___ Source material
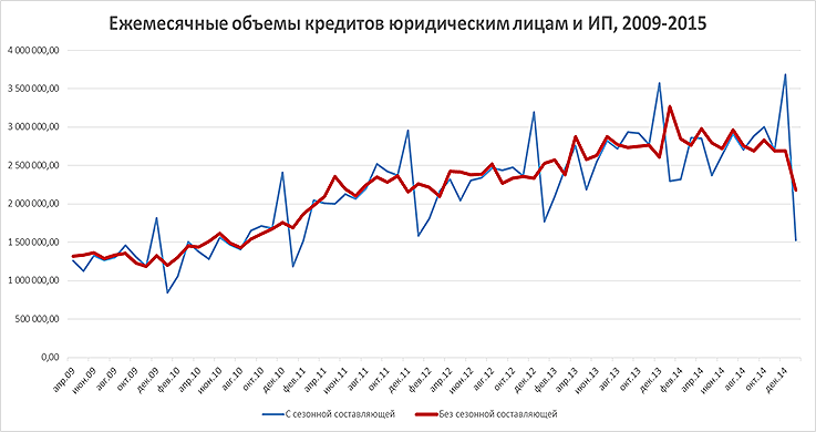 В январе 2015 года впервые за последние пять лет после глобального финансово-экономического кризиса в сфере кредитования юридических лиц и индивидуальных предпринимателей наблюдается серьезное замедление. Объемы выдаваемых кредитов опустились до февральских объемов 2011 года и составили 1 530 000 млн руб. Учитывая предшествующую положительную динамику в этих видах кредита, такой результат на январь 2015 года говорит о существенной реакции рынка на ужесточение денежно-кредитной политики в декабре 2014 года.
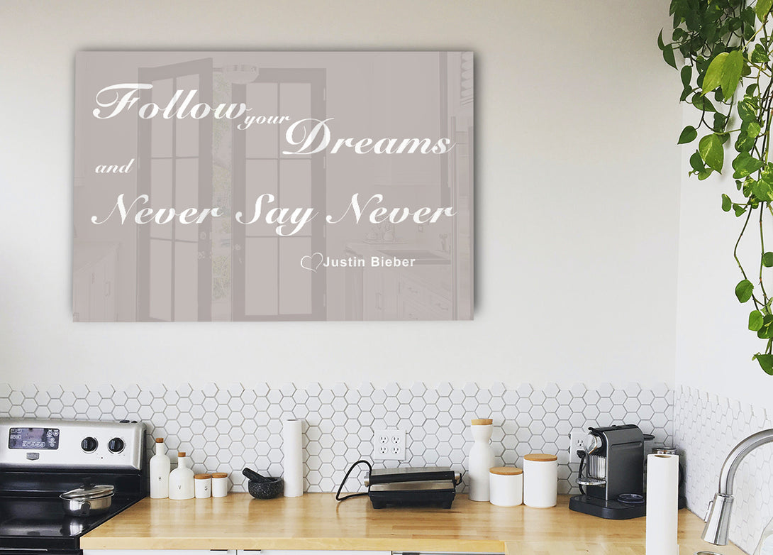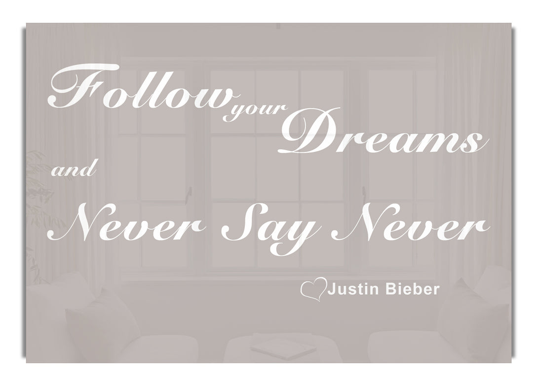 Follow Your Dreams Justin Bieber Beige Acryldruck, UV-gedruckt auf 5 mm dickes Acrylglas. Wird mit allem geliefert, was Sie zum Aufhängen an Ihre Wand brauchen.
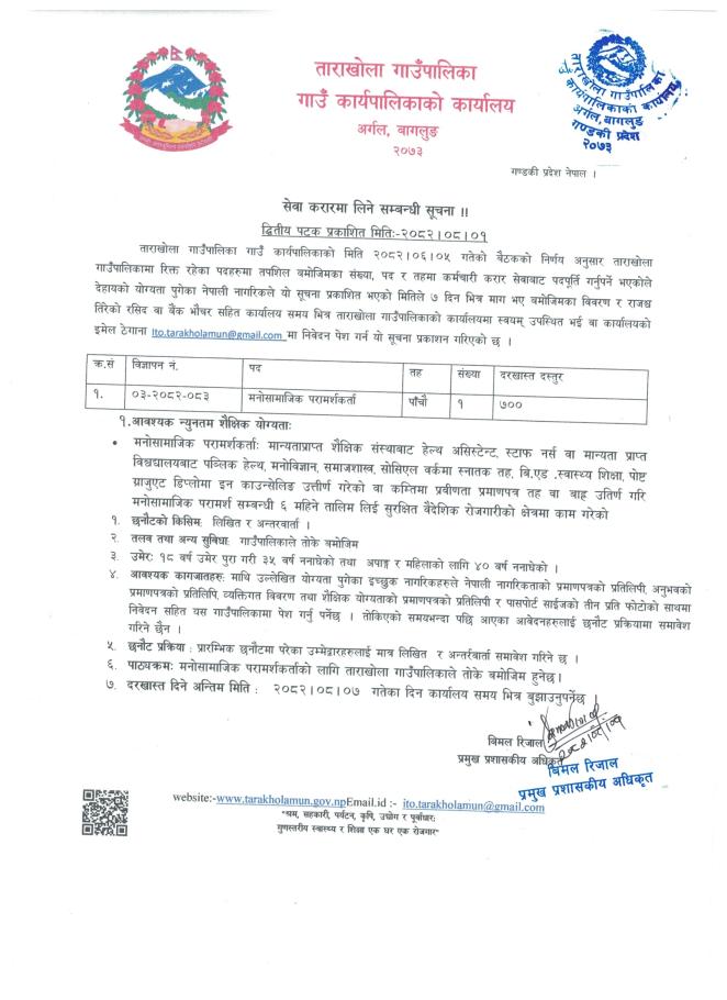 » मनोसामाजिक परामर्शकर्ता करारमा लिने सम्बन्धी सूचना
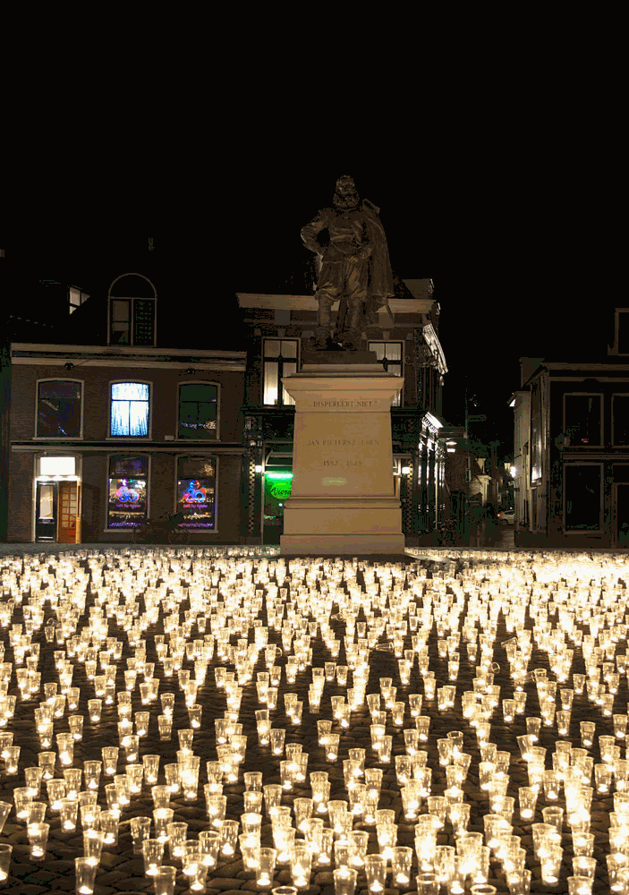 Zij deden dit door op uitnodiging van Comité 7 mei brandende kaarsjes bij het beeld van J.P. Coen te plaatsen.
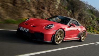 Altri dettagli che caratterizzano il nuovo gioiello della casa automobilistica tedesca, la cornice del parabrezza in nero, i fari a LED con tecnologia Matrix e per la prima volta su di una 911 Cabriolet, lo spoiler posteriore retraibile presenta un flap di Gurney in coda, come troviamo sulla 911 S/T e sulla 911 GT3 con pacchetto Touring. La dotazione di serie prevede anche cerchi con serraggio centrale da 20 pollici sull'asse anteriore e da 21 pollici su quello posteriore realizzati in magnesio ultraleggero (pneumatici anteriori 255/35 ZR 20 e posteriori 315/30 ZR 21). Per la sportiva, Porsche ha adottato materiali particolarmente leggeri per contenere il più possibile il peso (1.497 kg). Ad esempio, il cofano anteriore, i parafanghi e le portiere sono realizzati in CFRP.
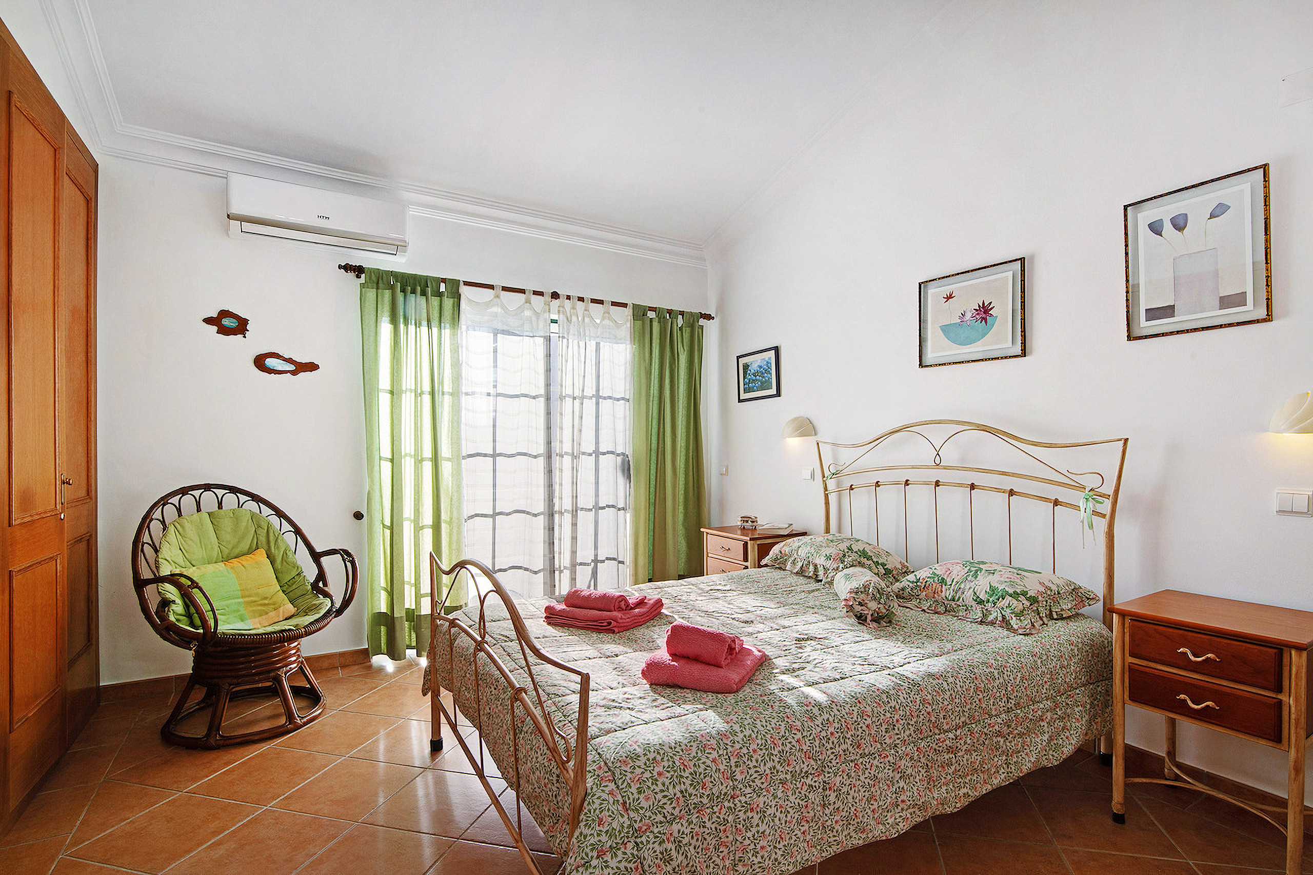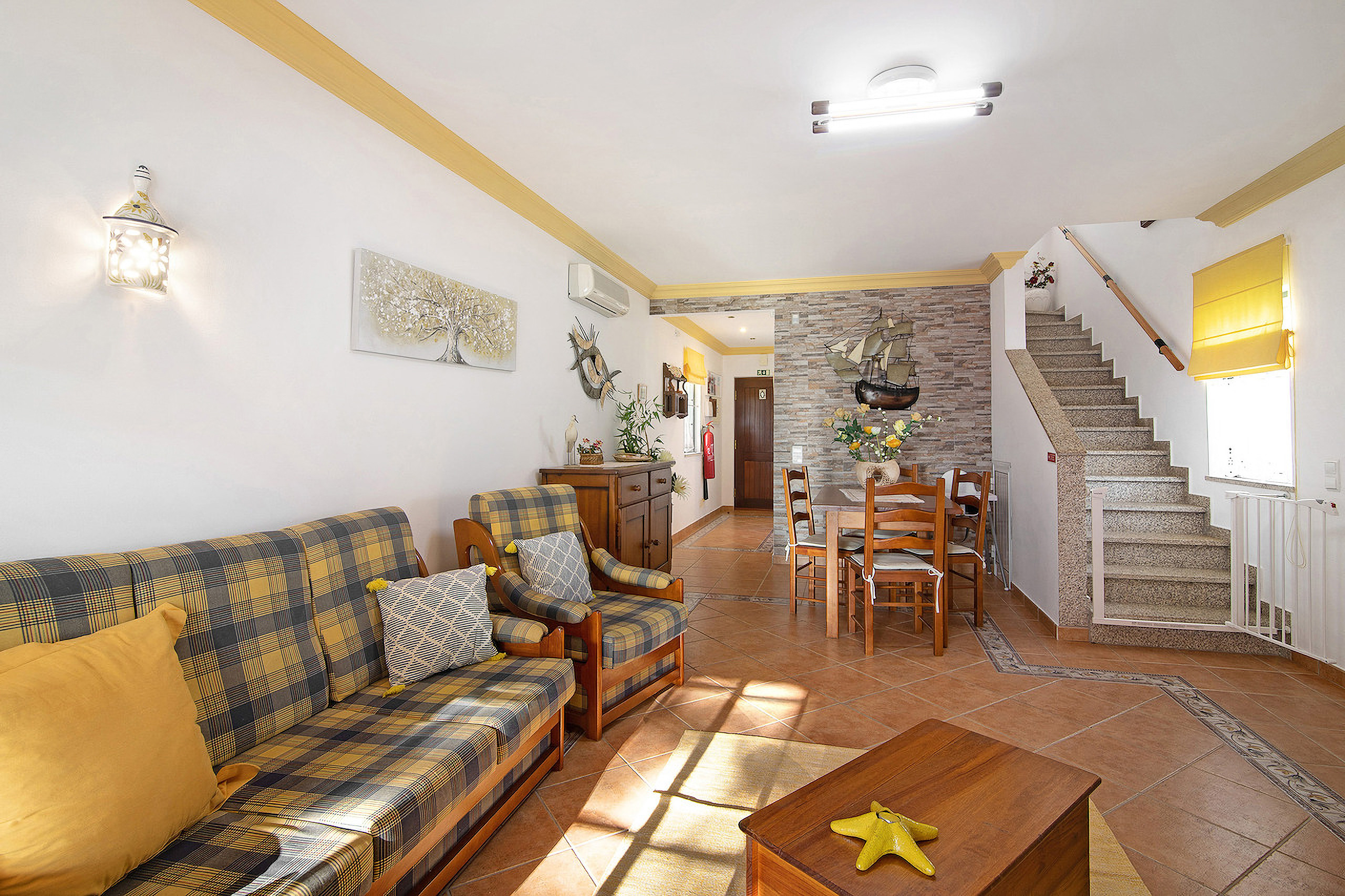 No interior, encontra dois quartos duplos com ar condicionado — um com casa de banho com duche, outro com banheira — garantindo espaço privado e confortável para todos, sem filas de manhã. A cozinha totalmente equipada tem todos os utensílios para refeições familiares fáceis, enquanto a sala de estar oferece dois sofás confortáveis, sofá-cama de casal, TV, Wi‑Fi e mesa de jantar para momentos descontraídos.
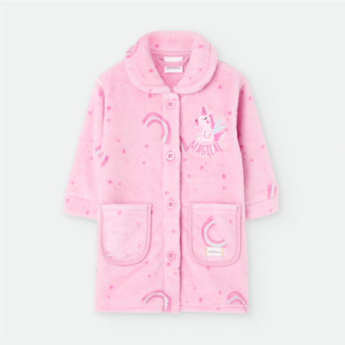 Bata unicornio rosa con botones y bolsillos en la parte delantera
______
Task instructions
Print exactly the lines running from the start of the entries above to the line with "Zij deden dit", both included; leave out any pictures.

Task result
 В январе 2015 года впервые за последние пять лет после глобального финансово-экономического кризиса в сфере кредитования юридических лиц и индивидуальных предпринимателей наблюдается серьезное замедление. Объемы выдаваемых кредитов опустились до февральских объемов 2011 года и составили 1 530 000 млн руб. Учитывая предшествующую положительную динамику в этих видах кредита, такой результат на январь 2015 года говорит о существенной реакции рынка на ужесточение денежно-кредитной политики в декабре 2014 года.
 Follow Your Dreams Justin Bieber Beige Acryldruck, UV-gedruckt auf 5 mm dickes Acrylglas. Wird mit allem geliefert, was Sie zum Aufhängen an Ihre Wand brauchen.
 » मनोसामाजिक परामर्शकर्ता करारमा लिने सम्बन्धी सूचना
 Zij deden dit door op uitnodiging van Comité 7 mei brandende kaarsjes bij het beeld van J.P. Coen te plaatsen.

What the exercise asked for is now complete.